Включились сирены воздушной тревоги. Открыли огонь зенитные орудия. Падали бомбы, как сердитые жужжащие шмели, и обрушивались на Модену. Поначалу бомбы взрывались вдали. Потом одна взорвалась близ депо. Следующие три одна за другой упали на здание вокзала.
Пино увидел вспышку, а потом ударная волна подбросила его в воздух, скинула с платформы. Он упал на рельсы и тут же потерял сознание. Следующие взрывы вернули его в чувство, и он инстинктивно свернулся калачиком, когда вокруг него посыпались стекло и камни.
Когда налет закончился, Пино попытался встать; он ощущал запах дыма, видел пламя пожара. Голова у него кружилась, в ушах ревело, словно бушевал океан. Он все воспринимал обрывочно, как в сломанном калейдоскопе, пока не увидел тело Притони на путях. Парнишка из Генуи принял на себя всю мощь взрывной волны. А шрапнель снесла ему бóльшую часть головы.

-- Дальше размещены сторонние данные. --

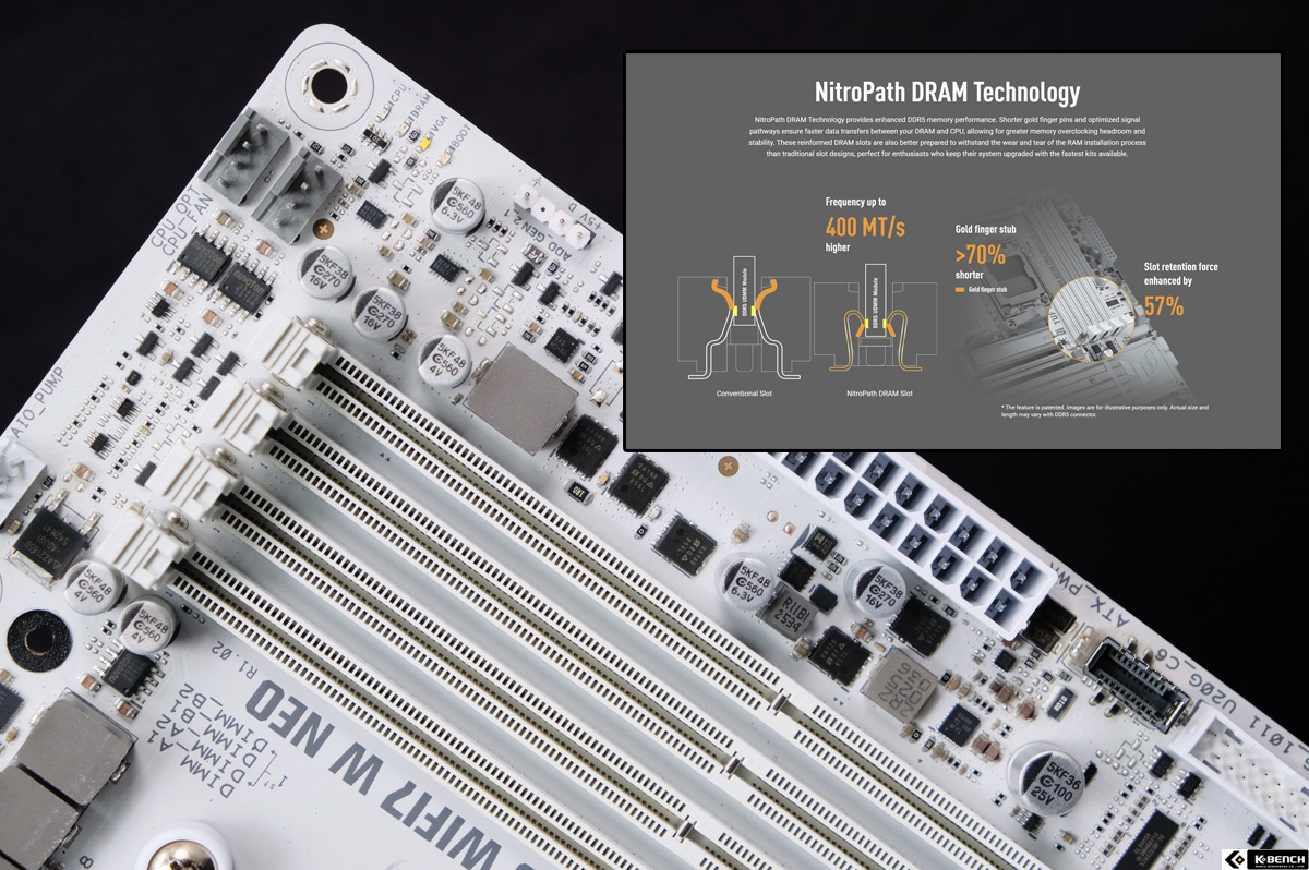 ASUS의 NitroPath DRAM Technology가 적용된 DDR5 메모리 소켓이 사용됐다. 기존 슬롯 대비 신호 경로를 단순화하고 접점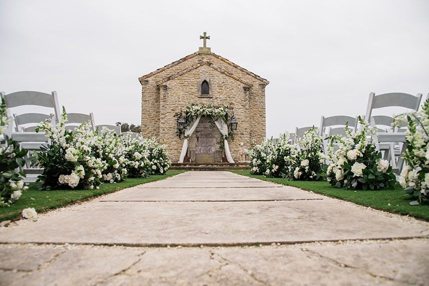 “The bride made her memorable walk with her dad down the floral-lined aisle leading to a stunning archway draped in lush white florals.”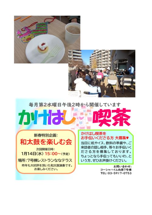 ※来月のかけはし喫茶は1/14(水)15時~和太鼓を予定しております。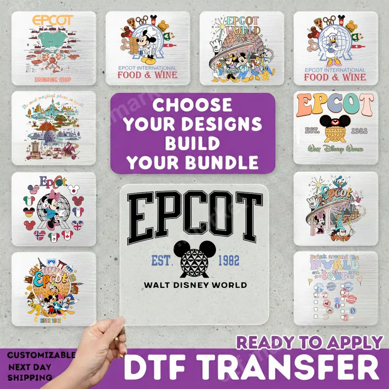 See allThis vibrant collection of EPCOT-themed DTF transfers is perfect for anyone planning a magical visit to Walt Disney World. Each ready to press transfer captures the unique spirit of EPCOT, from Spaceship Earth iconography to festive Food & Wine designs and popular "Drink Around the World" maps. These high-quality direct to film transfers offer a fantastic way to personalize your apparel for an unforgettable Disney vacation, making your trip truly special. These versatile heat press designs are ideal for Disney enthusiasts, families preparing for a theme park getaway, or groups looking for matching outfits. Perfect for celebrating a birthday, family reunion, or just a fun trip with friends, these iron on decals make excellent gifts or personal keepsakes. They are great for travel clubs, bachelorette parties, or anyone wanting to add Disney magic to their wardrobe. Applying your new shirt design is simple and hassle-free. Our heat press transfers are compatible with 100% cotton, 100% polyester, and various cotton/poly blends. For best results, use a heat press at 300-325°F for 15 seconds with medium pressure. Alternatively, a household iron can achieve great results. No complicated weeding or layering is involved; just peel, press, and admire your new custom garment. Experience professional-grade quality with every apparel transfer. Our DTF transfers boast incredibly vibrant colors, crisp details, and exceptional durability that resists cracking and fading, ensuring your design looks great wash after wash. The finished product offers a soft hand feel, integrating seamlessly without the heavy, stiff feel of traditional vinyl transfer. Enjoy long-lasting wear and a premium finish that truly stands out.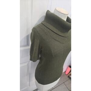 BCBGMAXAZRIA Women’s Sweater L Olive Green Short Sleeve Turtleneck p77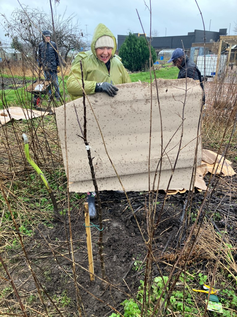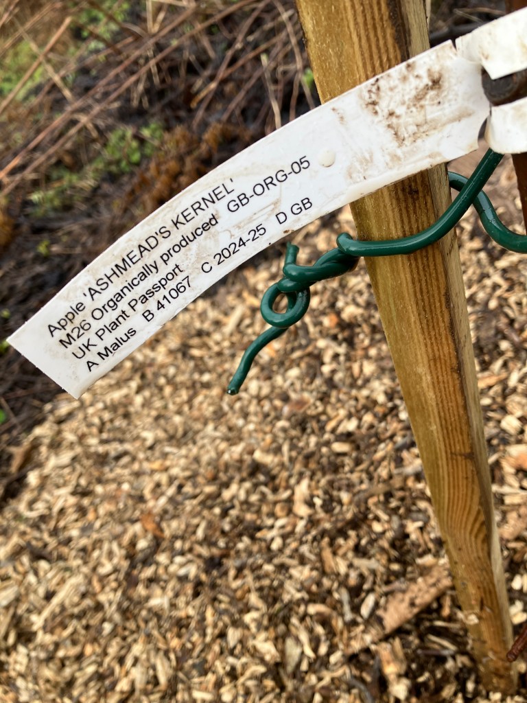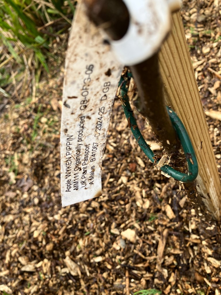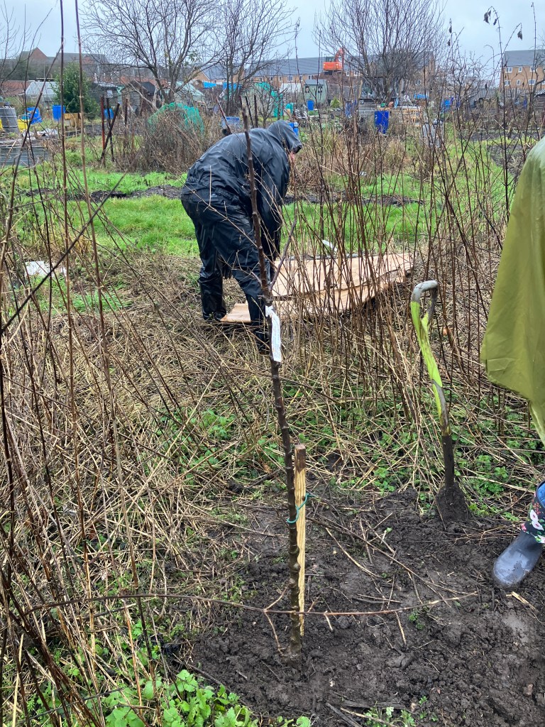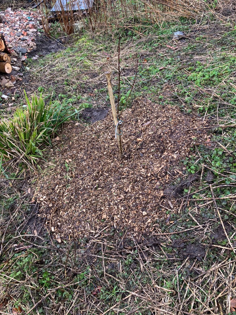 We planted the 3 apples and a crab apple tree in a little copse configuration, with a good layer of cardboard and woodchips to keep the weeds down around them. But time ran out and the weather carried on soaking us, so the gage and quince were also heeled in to a temporary home. Hopefully the weather will be a bit nicer for the next working party!

Пино отполз в сторону, и его вырвало. В голове у него так стучало, что он боялся, как бы она не взорвалась. Он нашел свою винтовку, с трудом накинул ремень на плечо и забрался назад на платформу, но перед этим его еще раз вырвало. Шум в ушах усилился. Он видел убитых солдат, видел раненых, его одолевали головокружение и слабость, он чувствовал, что в любую секунду может потерять сознание. Пино вытянул руку, оперся о колонну, которая все еще поддерживала крышу вокзала.
Он вдруг почувствовал сильную, пронзительную боль в правой руке. И только в этот момент понял, что его указательный и средний пальцы правой руки почти оторваны. Они висели только на лоскутках кожи. Он видел кость указательного пальца. Из раны хлестала кровь.
Он во второй раз потерял сознание.
Пино увезли в полевой госпиталь, где немецкие хирурги пришили ему пальцы и провели курс лечения, необходимый при сотрясении мозга. Он оставался в госпитале девять дней.